[The input Boundary: Start]
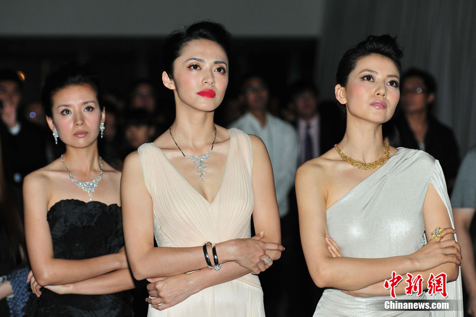 8月12日晚,永恒印記“Shining Light”鉆飾設(shè)計(jì)大賽獲獎(jiǎng)作品全球首展在北京舉行。30位來(lái)自南部非洲的年輕設(shè)計(jì)師以25000顆總重達(dá)630克拉的美鉆向世界展示了他們?cè)阢@石設(shè)計(jì)領(lǐng)域的極致才華。姚晨(中)、高圓圓(右)、董潔等藝人盛裝前來(lái)助陣。中新社發(fā) 李學(xué)仕 攝
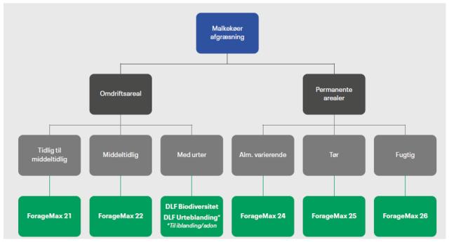 Se vores forslag til græsblandinger i tabel 1. Det ses, at græsblandingen afhænger af din foderplan, din slætstrategi og valg af kløvertype.
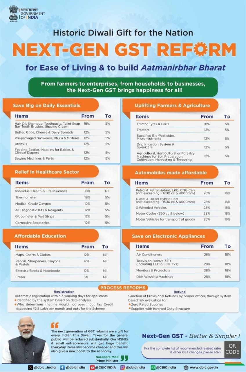 सरकार ने देश के आम आदमी को प्री-दिवाली गिफ्ट दे दिया है. बुधवार को नई दिल्ली में हुई जीएसटी काउंसिल की 56वीं बैठक में कई बड़े फैसले लिए गए हैं. इसके तहत टैक्स स्लैब को कम किया गया, जिससे तमाम सामानों पर लगने वाले टैक्स का रेट कम हो जाएगा. नए रेट 22 सितंबर 2025 से लागू होंगे. नए जीएसटी सुधार के तहत 100 से ज्यादा चीजों के दाम घटने वाले हैं. इसमें जरूरी वस्तुओं, रोजमर्रा की चीजों, एग्रीकल्चर प्रोडक्ट्स और हेल्थ प्रोडक्ट्स पर टैक्स रेट में कमी की गई है.
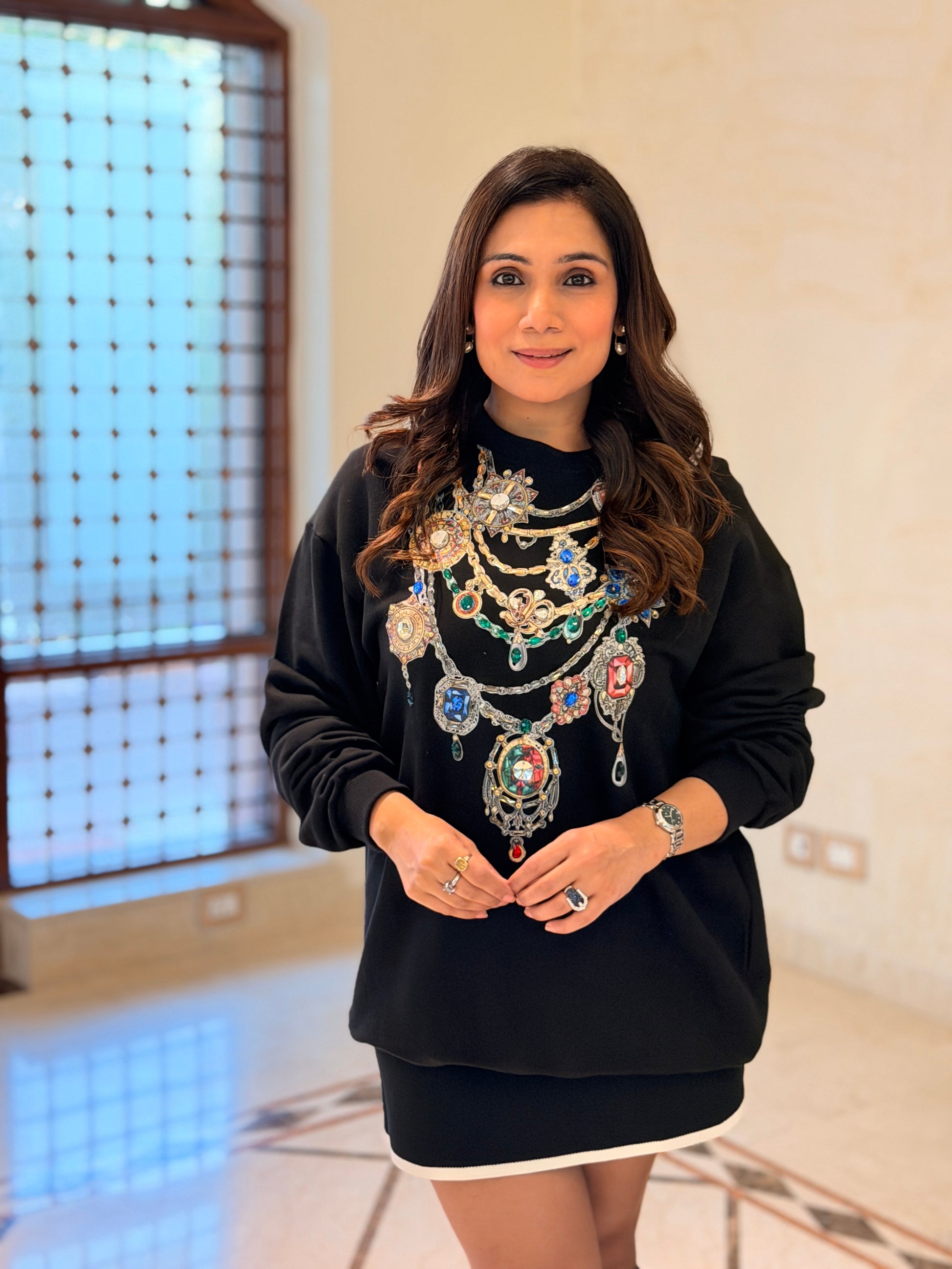 Sizing: The model is wearing size S-M. Connect with us on WhatsApp for personalized assistance!
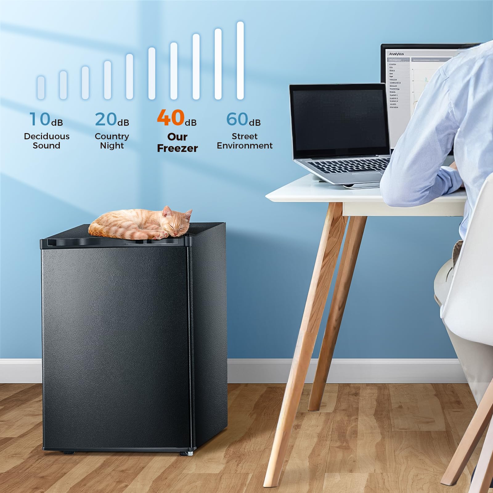 Energy-Saving & Low Noise: Using high efficiency and low energy consumption compressor, this freezer can cool quickly. Only 0.6 kilowatt-hour power needed per day,more power-saving compared to other products of the same type In addition, noise below 40 db,can be placed in the bedroom without disturbing your sleep even on quiet nights
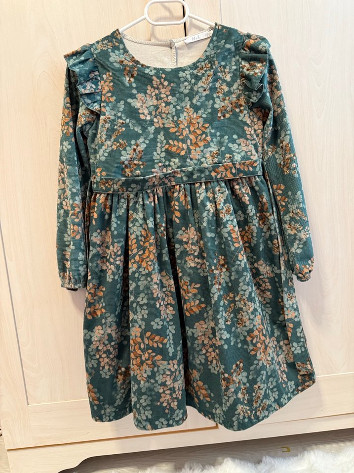 Yeşil renkli, uzun kollu, bol kesim bohem tarzında kız çocuk elbisesi. Omuzlarda fırfır detayı ve çiçek desenleri bulunur.
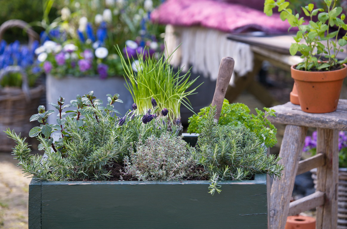 - Kräuter, Kräuterbeet, Kübel bepflanzen, Minze, Petersilie, Rosmarin, Schnittlauch, Thymus
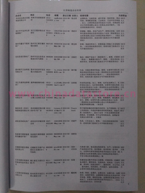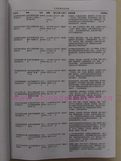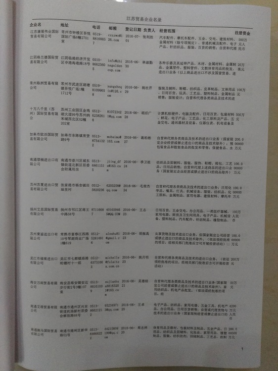2021版最新江蘇企業(yè)黃頁包括《江蘇制造企業(yè)黃頁》、《江蘇貿(mào)易企業(yè)黃頁》、《江蘇民營企業(yè)黃頁》共三冊,優(yōu)惠價:280元/冊。每冊內(nèi)容包括:單位名稱、地址、郵編、電話、傳真、郵箱、經(jīng)營范圍等;江蘇企業(yè)黃頁涵蓋了近幾年來最新成立的、有一定規(guī)模的企業(yè),具有非常高的營銷價值。有了這套黃頁開展業(yè)務也有了針對性,也省去了盲目去尋找客戶名單而浪費的時間了,工作效率也會有很大的提高。歡迎需要江蘇企業(yè)黃頁的朋友及時聯(lián)系我們!
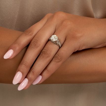This ring blends the beauty of Art Deco architecture with masterful jewelry design, creating a small monument to the era. Radiant, with just the slightest hint of color, a 2.42 carat European-cut diamond is elevated by a high gallery intricately pierced to create distinctive shapes, set with glittering diamonds and rising to create graceful stem-like double claw prongs. Openwork diamond-set shoulders and a fully-engraved shank add the exquisite finishing details to this extraordinary jewel. Total diamond weight, 2.72 carats. Hand fabricated in platinum, it is currently ring size 6. GIA Diamond Grading Report states: K color - I1 clarity.
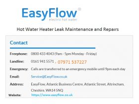 EasyFlow is qualified and certified Water Heater Repair Company providing Gledhill boilers repairs, unvented cylinder service, hot water heater repair and maintenance service with complete annual service package. Call us on 0800 433 4043!
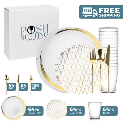 Posh Setting 448 Piece White And Gold Plastic Party Bundle - Whisk (64 Settings)
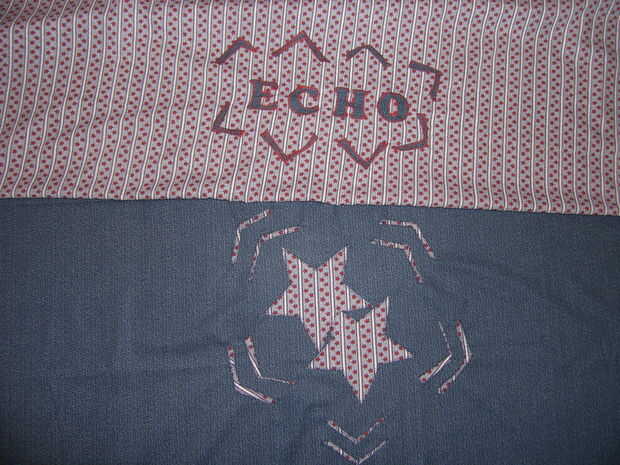 Fusible de la maravilla bajo directamente a la parte posterior de la tela que desea utilizar para el emblema o palabras. Dibujar su emblema o palabras de plantilla sobre la tela luego recorto con unas tijeras de su fiel tela y comiencen a fusionar a la derecha del cabo.
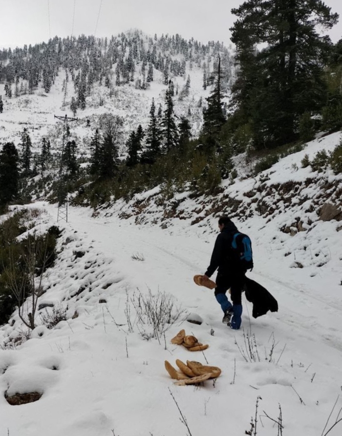Doğa koruma ekipleri ve dağcılar, pazar artığı sebze ve ekmekten oluşan 770 kilogram yemi, yaban hayvanlarının sıklıkla uğradığı bölgelere bıraktı.
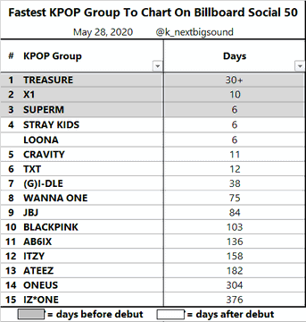 YG Entertainment’in Temmuz da çıkış yapması beklenen yeni erkek grubu Treasure geçtiğimiz günlerde bir rekora imza attı. Daha çıkış yapmasına 1 aydan fazla olan rookie grup, en kısa süre de Billboard Social 50 listesine grup oldu. 27 Mayıs 2020 tarihinde, Grubun ana vokallerinden olan Yedam’ın Solo projesi, dijital single parçasının yayımlanma tarihi belli olmuştu. Aynı gün Treasure maker, Treasure hayranları için 2. bir sevindirici gelişme oldu. Treasure Billboard Social 50 listesine 40. sıradan giriş yaptı. Bunu çıkışlarına daha 1 aydan fazla olmasına rağmen başaran grup, bu başarısıyla da bir rekora imza atmış oldu. BB50 listesine en hızlı , en kısa sürede giriş yapan Kpop grubu oldular. Treasure grubunu debutlarından 10 gün önce giriş yapmış olan X1 2. sırada, ve debutlarından 6 gün önce giriş yapmış olan SuperM 3. sırada takip ediyor. İlk 10 da yer alan diğer gruplar ise sırasıyla Stray Kids ve Loona debutlarından 6 gün sonra ile 4. sırada, Cravity 11 gün ile 5. , TXT 12 gün ile 6, (G)I_DLE 38 gün ile 7, Wanna One 75 gün ile 8, JBJ 84 gün ile 9 ve Blackpink 103 gün ile 10. sırada yer alıyor. Tam listeyi aşağıda görebilirsiniz.
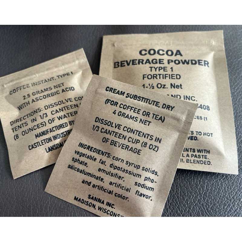 Using original unused LRP bags, with fully edible contents inside and reusable packaging. The freeze dried entree, coffee sachets, creamer sachet, cocoa powder sachet, spoon pouch are all refillable and reusable without sacrificing authenticity, using resealable foil lined craft sachets. With a few items from the store you can refill and reuse this kit over and over again.
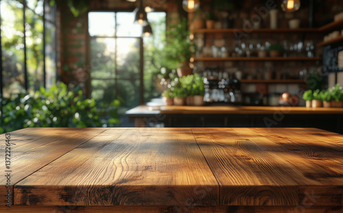 A warm and inviting cafe scene featuring a rustic wooden table, surrounded by lush greenery and bathed in natural sunlight
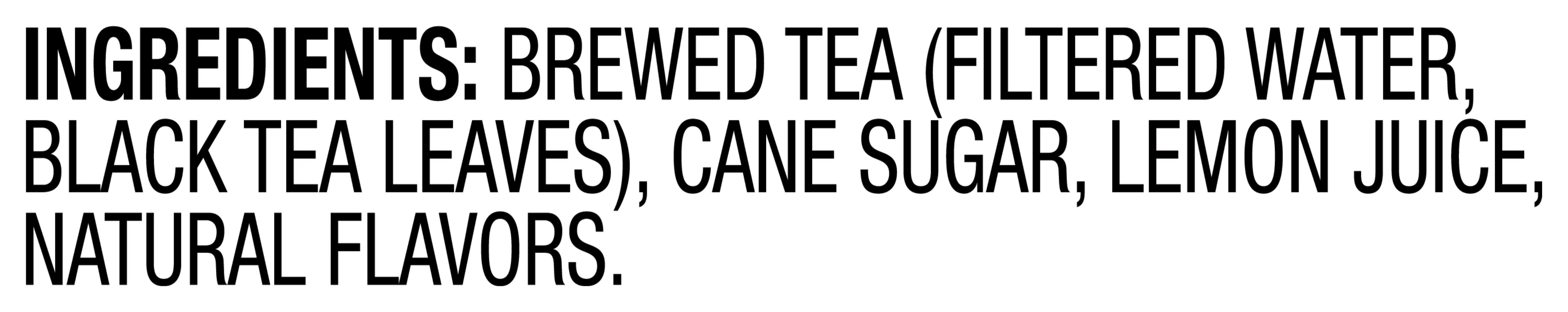 Ingredients: Brewed Tea (Filtered Water, Black Tea Leaves), Cane Sugar, Lemon Juice, Natural Flavors.
[The input Boundary: End]
• To do
An exact copy is needed of the entries above, starting at the line that holds "सरकार ने देश" and stopping at the line that holds "Sizing: The model", both kept; pictures stay out.

• Response to the exercise
 सरकार ने देश के आम आदमी को प्री-दिवाली गिफ्ट दे दिया है. बुधवार को नई दिल्ली में हुई जीएसटी काउंसिल की 56वीं बैठक में कई बड़े फैसले लिए गए हैं. इसके तहत टैक्स स्लैब को कम किया गया, जिससे तमाम सामानों पर लगने वाले टैक्स का रेट कम हो जाएगा. नए रेट 22 सितंबर 2025 से लागू होंगे. नए जीएसटी सुधार के तहत 100 से ज्यादा चीजों के दाम घटने वाले हैं. इसमें जरूरी वस्तुओं, रोजमर्रा की चीजों, एग्रीकल्चर प्रोडक्ट्स और हेल्थ प्रोडक्ट्स पर टैक्स रेट में कमी की गई है.
 Sizing: The model is wearing size S-M. Connect with us on WhatsApp for personalized assistance!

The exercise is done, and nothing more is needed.